Couching all this in personal terms, don't be surprised that many of the new law's provisions are open-ended or subject to interpretation. But CFOs and operational managers will still be expected to develop and implement a compliance regime that needs to be effective retroactively —as of January 1, 2010. CMS may not be ready in time, but when it catches up and puts out a few new clarifying regulations, guidance, or final rules—as well as some new catch up calculations for rebates—pharma finance organizations will have to go back and adjust, recalculate, report, and pay what they owe to Uncle Sam. If they don't, the federal Office of Inspector General or a state Attorney General is going to come by for a friendly audit, and probably require them to pay a massive fine, settle, or sign a corporate integrity agreement (CIA). And we apologize in advance if this affects your brand, multiplies your legal bills, and loses you market share in a blisteringly competitive market.

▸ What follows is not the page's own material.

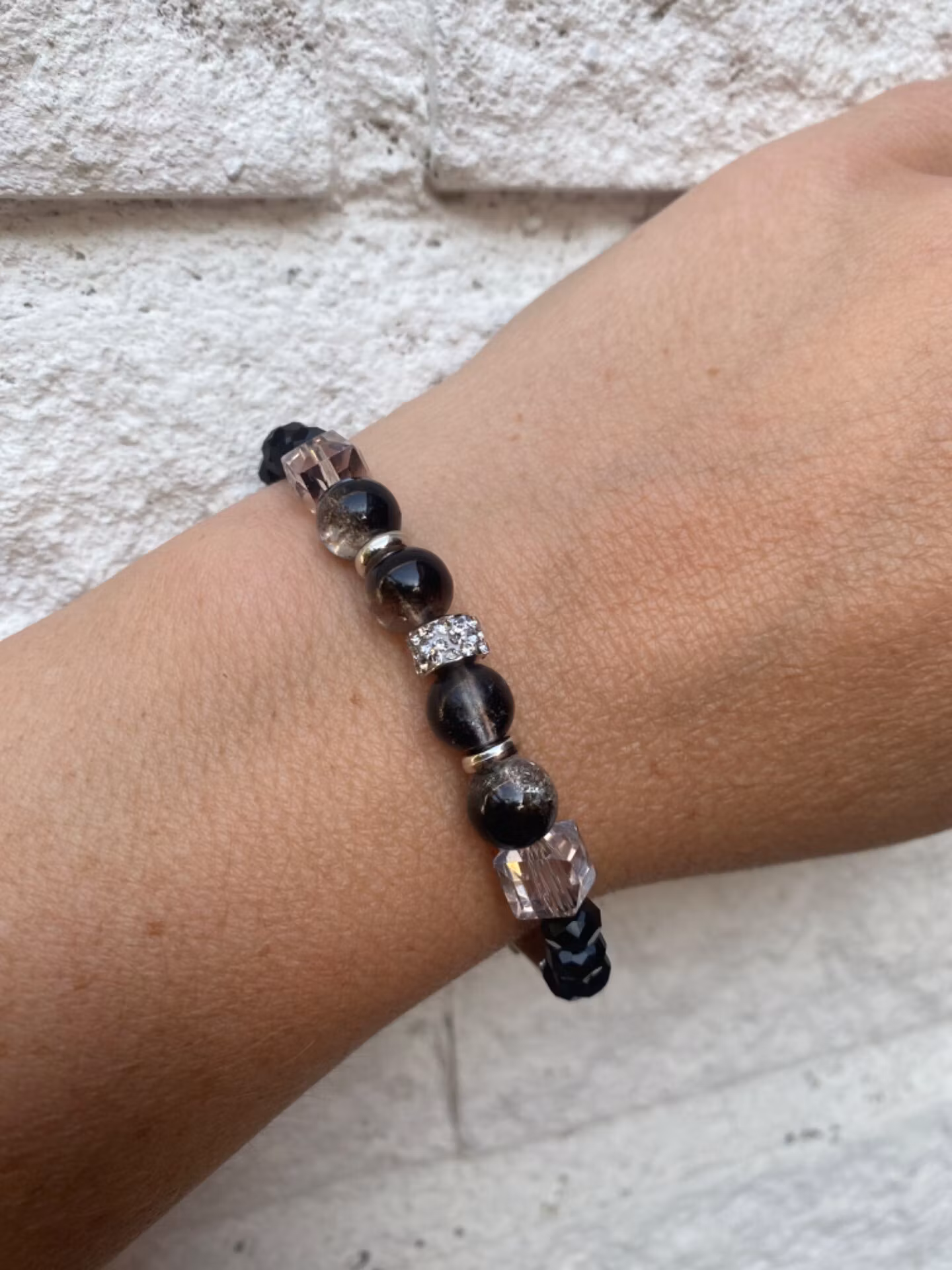 Armband i svart mellerade glaspärlor med strass i blickfånget och fyrkantiga glaspärlor, varvat med svarta glaspärlor, silverfärgade detaljer Pärlor 6mm, 8mm

Against this backdrop, what can you do if the questions and responses to this survey are different from yours, or if you feel left behind? In general, there are no magic wands available to manufacturers to ensure regulatory compliance today. Yet, in the coming quarters, shareholders will be evaluating how companies execute on their strategy for dealing with the full range of operational challenges and regulatory risks posed by HCR. Pharm Exec's "c-suite" readers must understand that HCR is the opening salvo in a long process of transforming how healthcare is managed, delivered, and paid for in the US. More cost controls and a re-examination of reimbursement schemes based on European models are likely on the horizon, so operational nimbleness will be essential in minimizing the impact of future P&R mandates.
Even as many respondents to the survey show considerable uncertainty in coping with HCR, a small set of leading companies say they are moving forward. There is hope that CMS and OPA will provide clear direction. While there will still be variations in individual response, don't let this stop you from educating financial and operational management and using a task force mentality to assess, model, and align. Assess data quality, engage different parts of the organization, and think about using HCR to create a long-term road map for compliance for the next round of mandates.
In addition, companies should focus on assessing impact based on exposure to the affected programs, and work with external and internal counsel and IT to identify and address emerging risks. Much like the DRA, HCR gives the industry an opportunity to work through PhRMA and other venues to build common, industry-wide approaches to HCR compliance and to engage in a comprehensive dialogue with the CMS around a shared interest in quality, value and better health outcomes.